In order to calculate Class Activation Maps in OpenVINO, we need to access the output feature maps of the last convolution layer and the weights of the fully connected layer. 
By default, only the output layer is the output (obviously). Therefore, in order to get the feature maps, we need to add the last convolution as an additional output. 
This is simply done by using the function *add_outputs("layer_name")* on the network before loading it to the plugin. 
In order to obtain the layers name, we recommend Netron, which allows to visualize graphically the model. 

In order to get the feature maps, inference must be performed first. This is why our function to calculate the Class Action Maps requires the inference output (which includes the feature maps since we added an additional output previously).
We access the FC layer weights using the call *net.layers.get("name_of_fully_connected_layer").weights["weights"]*

Then, we perform the weighted sum of the weights with the feature maps.

In [None]:
def visualize_class_activation_map_openvino(res, bn, fc, net):
    res_bn = res[bn]
    weights_fc=net.layers.get(fc).weights["weights"]
    conv_outputs=res_bn[0,:,:,:]
    cam = np.zeros(dtype=np.float32, shape=(conv_outputs.shape[1:]))
    for i, w in enumerate(weights_fc):
        cam += w * conv_outputs[i, :, :]
    return cam

We have now defined the generic function in order to obtain the Class Activation Maps, let's use it now for our example. 

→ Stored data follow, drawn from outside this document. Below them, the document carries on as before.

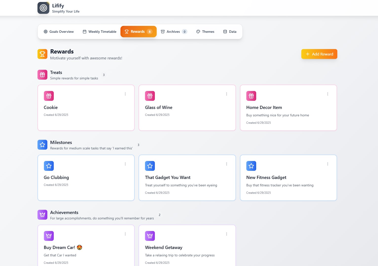 Rewards momentum: Borrowed from my game dev experience; A built-in reward engine lets you setup reward pools which lets you receive lootbox style rewards for completing tasks or goals.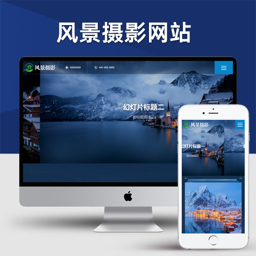 (自适应手机端)深蓝色风景摄影网站pbootcms模板 户外风景摄影机构网站源码下载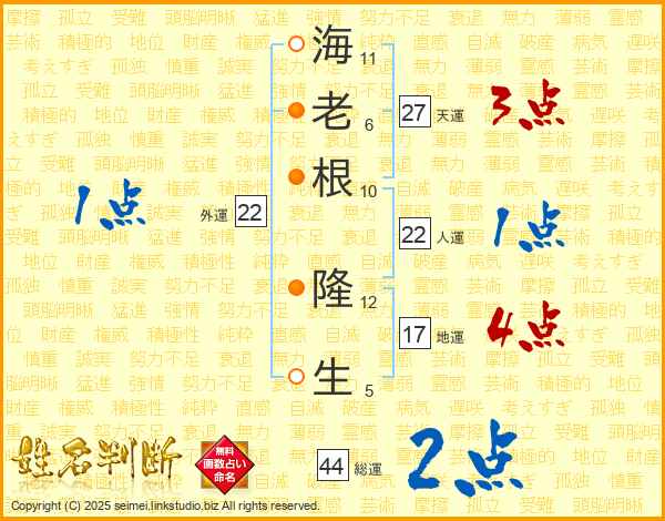 海(11画)老(6画)根(10画) 隆(12画)生(5画)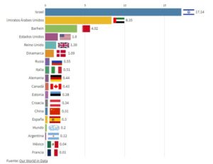 Por debajo de Israel (17.14) en la tabla que compara el número total de dosis de vacunación administradas por cada 100 personas de la población total, se encuentran los Emiratos Árabes Unidos con 8.35, luego Bahréin con 4.02, Estados Unidos con 1.6, Reino Unido con 1.39, Dinamarca con 1.09, Rusia con 0.55, Italia con 0.51, Alemania con 0.44 y Canadá con 0.43 vacunados cada 100 personas. El total global corresponde a 0,2.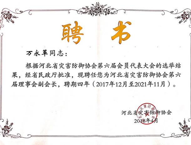 根据河北省灾害防御协会第六届会员代表大会的选举结果,经河北省民政厅批准,聘任QY千亿国际万永革教授为河北省灾害防御协会第六届理事会副会长,聘期四年(2017年12月至2021年11月)。(撰稿:黄骥超)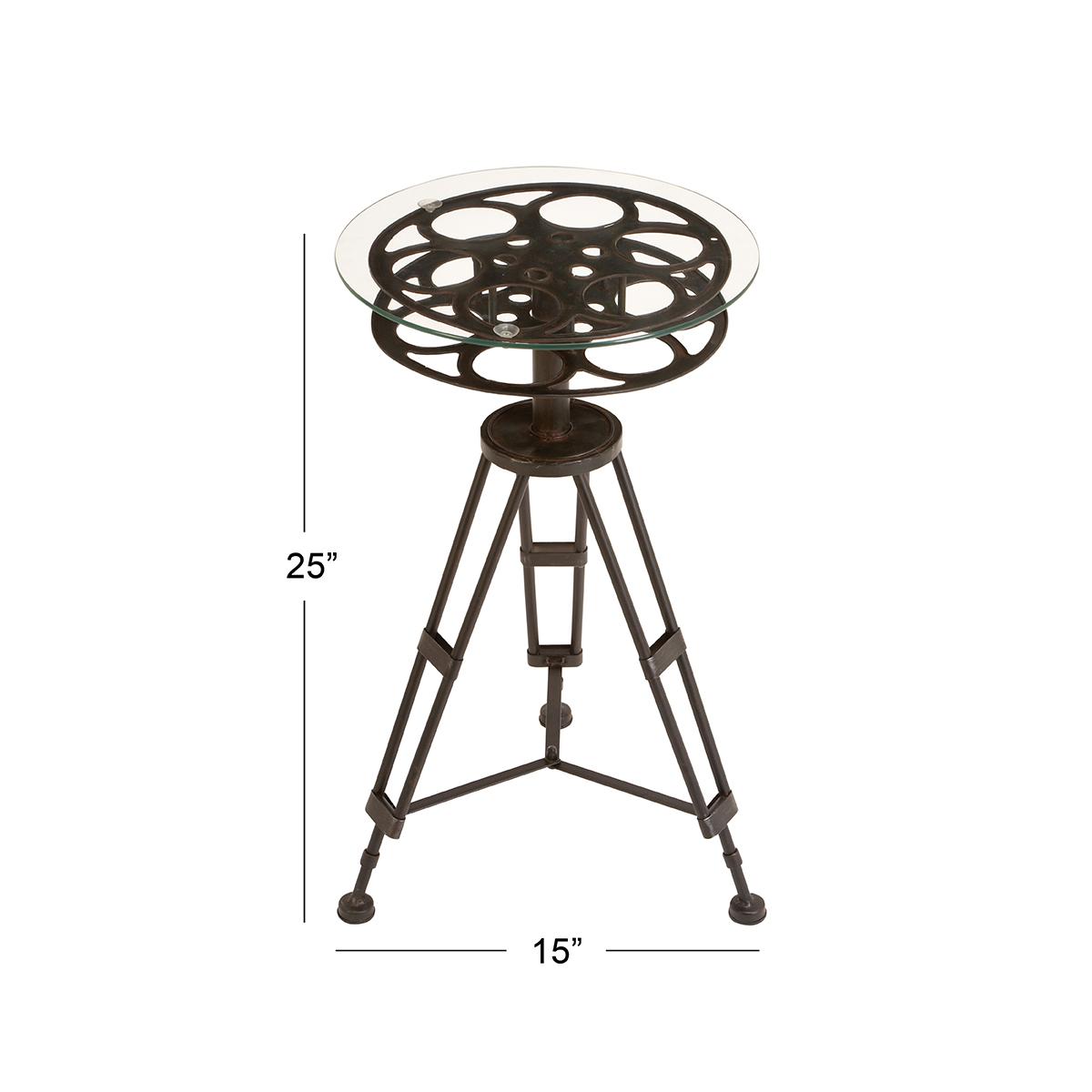 This 9th & Pike® classic camera reel accent table with black finish is a refined and stunning statement piece that gives a rich look to your home. An accent décor piece that features vintage-style film reel design, transparent tempered glass top, and sturdy tripod base.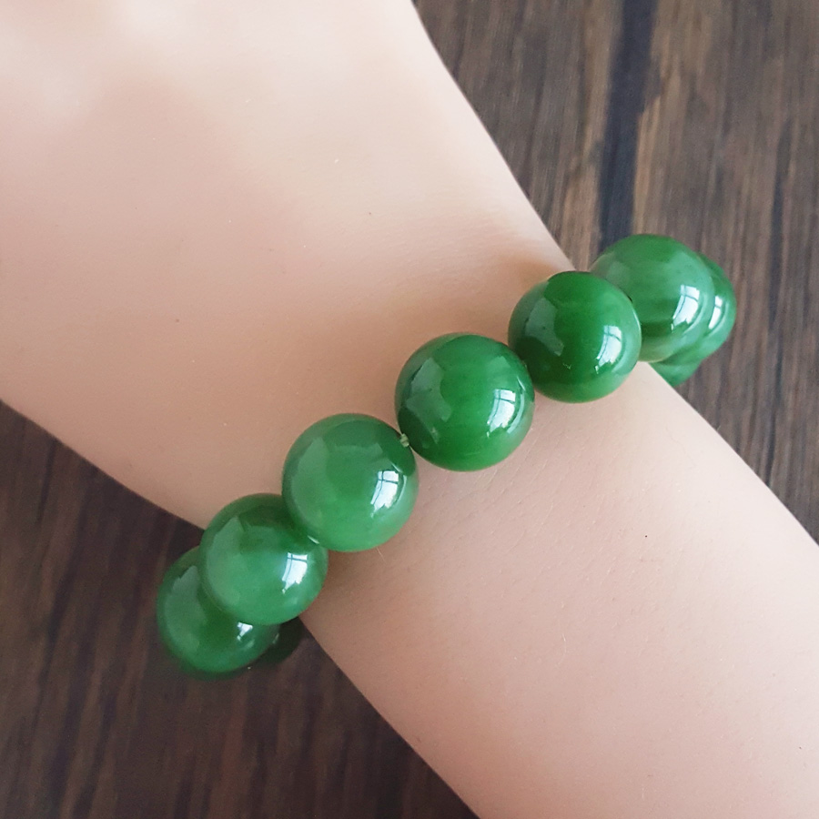 名称 | 天然细腻菠菜绿无黑点约14.0MM碧玉圆珠手串 |

We define first the name of the last convolutional layer from which we need to extract the feature maps. In our example, it is the layer with ID=365. 
We also set the name of the Fully-Connected layer, in our case **predictions_1/MatMul**

For our tutorial, we parse the xml in order to get the name of the last Convolutional layer but you can also directly provide it. 

In [None]:
# parsing the IR in order to find the last convolutional layer 
from bs4 import BeautifulSoup
bs = BeautifulSoup(open('models/FP32/model.xml'), 'xml')
bnTag = bs.findAll(attrs={"id" : "365"})
bn = bnTag[0]['name']
print(bn)

In [None]:
# add the last convolutional layer as output 
net.add_outputs(bn)
fc="predictions_1/MatMul"

# name of the inputs and outputs
input_blob = next(iter(net.inputs))
out_blob = "predictions_1/Sigmoid"

#set the batch size
net.batch_size = 1

# Loading model to the plugin
print("Loading model to the plugin")
exec_net = plugin.load(network=net)

#obtain the shape of the input
n,c,h,w=net.inputs[input_blob].shape

#iterate over the pneumonia cases
for file in sorted(files_pneumonia):
    #read the image
    [image1,image]= read_image(file)
    # Start inference
    t0 = time()
    res = exec_net.infer(inputs={input_blob: image1})
    infer_time=(time() - t0) * 1000
    
    # Process the classification output
    res_pb = res[out_blob]
    probs=res_pb[0]
    print("Probability of having disease= "+str(probs)+" (ground truth: pneumonia case), performed in " + str(infer_time) +" ms")
    
    # Class Activation Map    
    t0 = time()
    cam=visualize_class_activation_map_openvino(res, bn, fc , net)
    cam_time=(time() - t0) * 1000
    print("Time for CAM: {} ms".format(cam_time))
    
    
    fig = plt.figure(figsize=(18, 16), dpi= 80, facecolor='w', edgecolor='k')
    # Visualize the CAM heatmap
    cam /= np.max(cam)
    fig.add_subplot(1, 2, 1)
    plt.imshow(cam, cmap=colormap)
    plt.colorbar(fraction=0.046, pad=0.04)
    
    # Visualize the CAM overlaid over the X-ray image 
    colormap_val=cm.get_cmap(colormap)  
    imss=np.uint8(colormap_val(cam)*255)
    im = Image.fromarray(imss)
    width, height = image.size
    cam1=resize_image(im, (height,width))
    heatmap = np.asarray(cam1)
    img1 = heatmap [:,:,:3] * 0.3 + image
    fig.add_subplot(1, 2, 2)
    
    
    plt.imshow(np.uint16(img1))
    plt.xticks([]), plt.yticks([])  # to hide tick values on X and Y axis
    plt.show()
    

## 3. Inference on the edge


All the code up to this point has been run within the Jupyter Notebook instance running on a development node based on an Intel Xeon Scalable processor, where the Notebook is allocated a single core. 
We will run the workload on other edge compute nodes represented in the IoT DevCloud. We will send work to the edge compute nodes by submitting the corresponding non-interactive jobs into a queue. For each job, we will specify the type of the edge compute server that must be allocated for the job.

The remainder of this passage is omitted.